= Acinar adenocarcinoma =

Gland-forming cancer

Acinar adenocarcinoma is a histological subtype of gland-forming cancer that is diagnosed when cuboidal and/or columnar shaped malignant cells in the neoplastic tissue form acini and tubules. It is a common form of cancer occurring in the lung and prostate gland.

==Acinar adenocarcinoma of the lung==

Adenocarcinoma ("adeno" = "gland", "carcinoma" = cancer of epithelium) is the most common type of lung cancer in the U.S., Japan, and most of Western Europe, although it is the second most common form in Eastern parts of Europe (after squamous cell carcinoma). Adenocarcinomas are exceptionally heterogeneous neoplasms, occurring in four major tissue architectures (acinar, papillary, bronchioloalveolar, and solid), and several rarer variants. Most commonly, however, these lesions show a mixture of two or more subtypes or variants, and are subclassified as "adenocarcinoma with mixed subtypes".

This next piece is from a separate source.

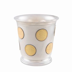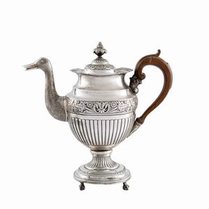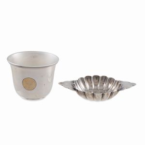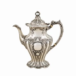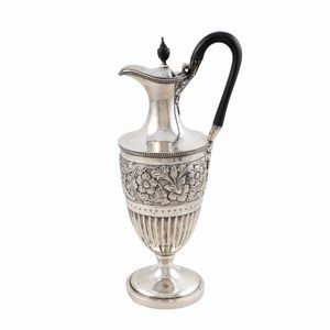 34x47x47 cm. Italia, bolli fascio orafo Ditta F.lli Leone Milano, fusto tornito con bracci a doppia voluta, base [..]

In China, which has the largest number of smokers and lung cancer cases in the world, the acinar tissue architectural pattern is by far the most common histological subtype of adenocarcinoma, comprising about 40% of all adenocarcinomas, and its incidence has increased significantly in recent decades. In Europe, acinar adenocarcinoma may comprise the dominant architectural pattern in as many as 50–60% of all adenocarcinomas.

Acinar adenocarcinoma of the lung is a highly lethal disease. Overall, the five-year survival rates approximate 16% to 22%. Generally, survival is better in all stages for patients with the acinar (or papillary) pattern than it is in patients with the solid pattern, but considerably worse than those with the bronchioloalveolar pattern. Survival is significantly better in patients whose tumors are well differentiated (i.e. the glands and/or tubules are more completely developed) than when poorly differentiated (i.e. with rudimentary glands).

Some studies suggest that the oncogenes H-ras and fes are important drivers of oncogenesis in many acinar-type lung cancers.

==Acinar adenocarcinoma of the prostate==

Acinar adenocarcinomas are the most common form of prostate gland malignancy.